Active buffer for 3.3V buses — no scavenger hunt needed
The 32mA source / 64mA sink capability per output gives it the muscle to handle moderate fan-out on a shared data or address bus — think driving a handful of CMOS inputs plus a few termination resistors without the signal edges rounding off.
The scorch-mark test: what actually fails on these
In the 74LVTH family, the usual failure signature on a dead board is a shorted output pin to ground or supply — the 3-state driver latches up if an input exceeds the rail by more than a diode drop. If you're troubleshooting a board where the buffer ran hot and the scorch mark tells you which package corner cooked, the 20-SOIC wide-body footprint is standard enough that you can pull a replacement from stock without re-spinning the layout.
Package and mounting
The 2.7V to 3.6V supply range means this part works with a 3.3V rail that droops under load, or with a 3.0V battery-backed supply in a redundant system. At 3.3V nominal, the 32mA high-level output current and 64mA low-level output current give you roughly 10 standard LSTTL loads per output — enough for a memory address bus or a bank of control signals. The 3-state outputs let you wire-OR multiple buffers onto the same bus without contention, as long as only one enable is active at a time. If you're running the part near its maximum drive, watch the total package dissipation: at 64mA per output on four channels sinking, you're looking at about 200mW in the die — fine for the SOIC-20 with reasonable airflow, but check the thermal budget if the ambient hits 85°C.

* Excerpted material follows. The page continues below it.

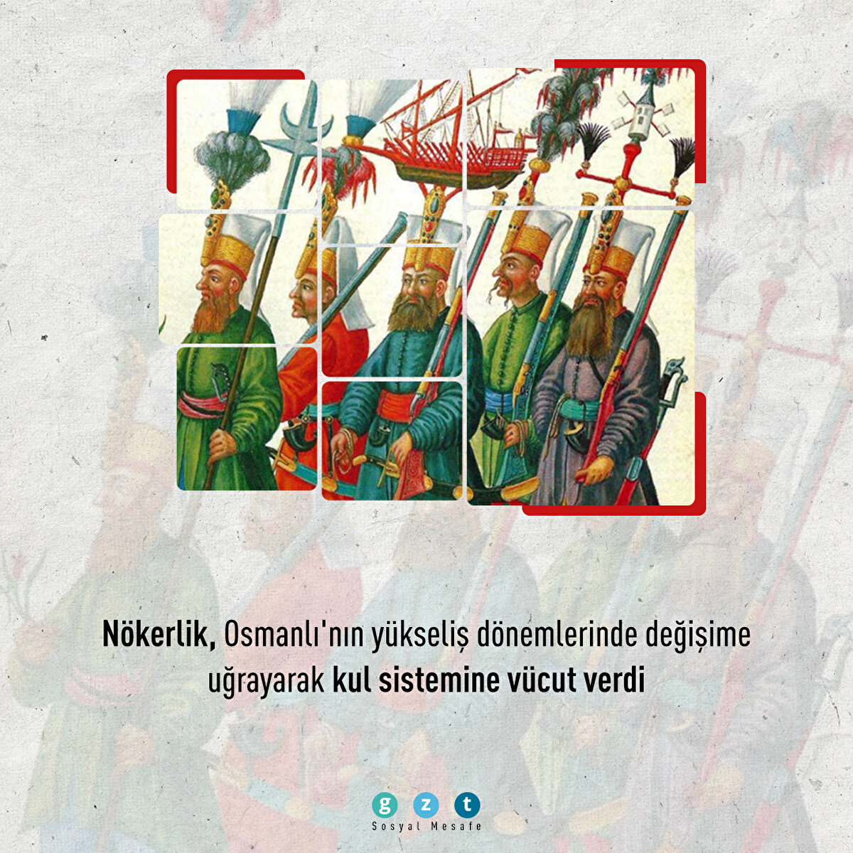Türk-Moğol tarihinde özellikle 13. yüzyıldan itibaren görünür hale gelen nökerlik, Osmanlı'nın kuruluş yıllarında da egemen bir kurumdu. Nöker, 'yoldaş, hizmetkar ve arkadaş' anlamlarına geliyordu. Moğollar için nöker, bağışlanmış kişi demekti. Savaşta esir düşüp yeteneği ile hükümdarın takdirini kazanan, canı bağışlanan ve orduya alınan hizmetkarlara nöker adı verilirdi. Cengiz Han'ın en güvendiği komutanı Kurt Cebe ve Bizans tekfuruyken esir düşüp Osman Gazi'nin silah arkadaşı olan Köse Mihal, nökerlik kurumuna en iyi örneklerdi. Nökerler, Osmanlı'nın kuruluş yıllarında gaza/cihat politikalarının başarıya ulaşmasında ve Balkan fetihlerinin hızlanmasında büyük rol oynadılar.
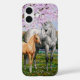 Una yegua de caballo gris manzana y su palomino parados en un campo verde de hierba cubierta de flores silvestres de primavera coloridas. En el fondo hay un gran y hermoso cerezo cubierto de flores rosas y rodeado de azaleas y rododendros florecientes. Obra de arte realista creada a partir de una pintura al óleo original de la vida silvestre y la artista equina Crista S. Forest.

Package and footprint — the 20-SOIC wide-body reality
The SN74LVTH241DW comes in a 20-pin SOIC wide-body package (0.295-inch body width, 7.50mm). This is the same footprint as the standard SOIC-20W used across the 74LVTH and 74LVC families, so if your board already has a footprint for a 74LVTH16245 or 74LVC244A in the wide SOIC, this part drops in without a layout change. Surface-mount only, no through-hole option in this package.
Lifecycle — still an active line, no LTB pressure
That said, always check the latest TI PCN database before a production release — the active status is current, but no semiconductor line is guaranteed forever.